CASAS.h5py¶

casas_hdf5_doc_master implements pyActLearn.CASAS.h5py.CASASHDF5.

Dataset Structure¶

HDF5 is a data model, library and file format for storing and managing data. h5py package is the python interface to read and write HDF5 file. You can open and view the HDF5 file using hdfviewer.

The pre-processed feature array x is stored as dataset /features. Corresponding target labels is stored as dataset /targets. The corresponding time for each entry is stored at /time as array of bytes (HDF5 does not support str).

The meta-data of the smart home is stored as attributes of the root node. The table below summarizes the description of all those attributes.

Attribute	Description
bg_target	Name of background activity.
comment	Description of the dataset.
days	List of start and stop index tuple of each segment when the dataset is splitted by days.
weeks	List of start and stop index tuple of each segment when the dataset is splitted by weeks.
features	Feature name corresponding to each column in `/features` dataset.
targets	List of activity labels.
target_color	List of color string for each activity for visualization.
sources	List of dataset names in the file.
sensors	List of sensor names

The image below gives a glimpse of the hdf5 structure in hdfviewer.
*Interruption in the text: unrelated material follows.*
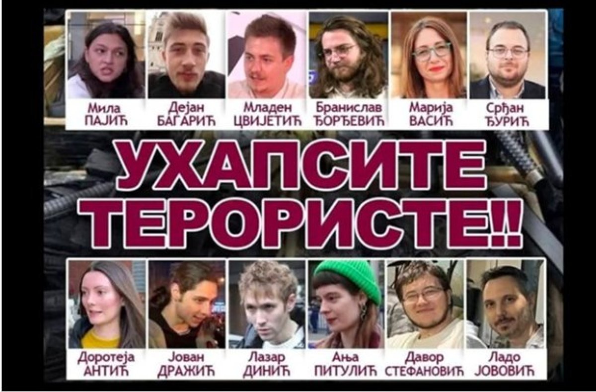 14.3.2025. Novi Sad. Pripadnici MUP, Službe za suzbijanje kriminala i Službe za borbu protiv terorizma UKP, po nalogu VJT u Novom Sadu, uhapsili su 6 osoba zbog postojanja osnova sumnje da su izvršili krivično delo pripremanje dela protiv ustavnog uređenja i bezbednosti Srbije, u vezi sa krivičnim delom pozivanje na nasilnu promenu ustavnog uređenja. Uhapšeni su: 1. Lazar Dinić (2001) član grupe “Stav”, 2. Mladen Cvijetić (1999) član PSG, 3. Davor Stefanović (2000) član PSG, 4. Marija Vasić (1975) član PSG, 5. Lado Jovović (1981) član PSG i 6. Srđan Đurić (1998) član PSG. Šest osoba je u bekstvu u Dubrovniku u Hrvatskoj: 1.Mila Pajić, 2.Branislav Đorđević, 3.Doroteja Antić, 4.Dejan Bagarić, 5.Anja Pitulić i 6.Jovan Dražić.

Smart home pre-processed data in hdf5 format.

Load and Fetch Data from HDF5¶

pyActLearn.CASAS.h5py.CASASHDF5 provides multiple interfaces for accessing and loading the data from hdf5 file. The dataset is usually split by weeks and days. Function pyActLearn.CASAS.h5py.CASASHDF5.fetch_data() will load the time, features and target labels of the time frame provided via the start split and end split names.

Here is the code snip to load the data from splits to train a support vector machine.

import sklearn.svm
from pyActLearn.CASAS.h5py import CASASHDF5
# Load dataset
ds = CASASHDF5(path='twor_statNormPerSensor.hdf5')
# Training
time, feature, target = ds.fetch_data(start_split='week_1', stop_split='week_4')
x = feature
y = target.flatten().astype(np.int)
model = sklearn.svm.SVC(kernel='rbf')
model.fit(x, y)
# Testing
time, feature, target = ds.fetch_data(start_split='week_1', stop_split='week_4')
x = feature
y = model.predict(x)

API Reference¶

class pyActLearn.CASAS.h5py.CASASHDF5(filename, mode='r', driver=None)[source]¶

Bases: object

CASASHDF5 Class to create and retrieve CASAS smart home data from h5df file

The data saved to or retrieved from a H5PY data file are pre-calculated features by CASASData class. The H5PY data file also contains meta-data about the dataset, which include description for each feature, splits by week and/or splits by days.

Variables:	_file (`h5py.File`) – `h5py.File` object that represents root group.
Parameters:	filename (`str`) – HDF5 File Name mode (`str`) – ‘r’ for load from the file, and ‘w’ for create a new h5py data

close()[source]¶: Close Dataset

create_comments(comment)[source]¶

Add comments to dataset

Parameters:	comment (`str`) – Comments to the dataset

create_features(feature_array, feature_description)[source]¶

Create Feature Dataset

Parameters:	feature_array (`numpy.ndarray`) – Numpy array holding calculated feature vectors feature_description (`list` of `str`) – List of strings that describe each column of feature vectors.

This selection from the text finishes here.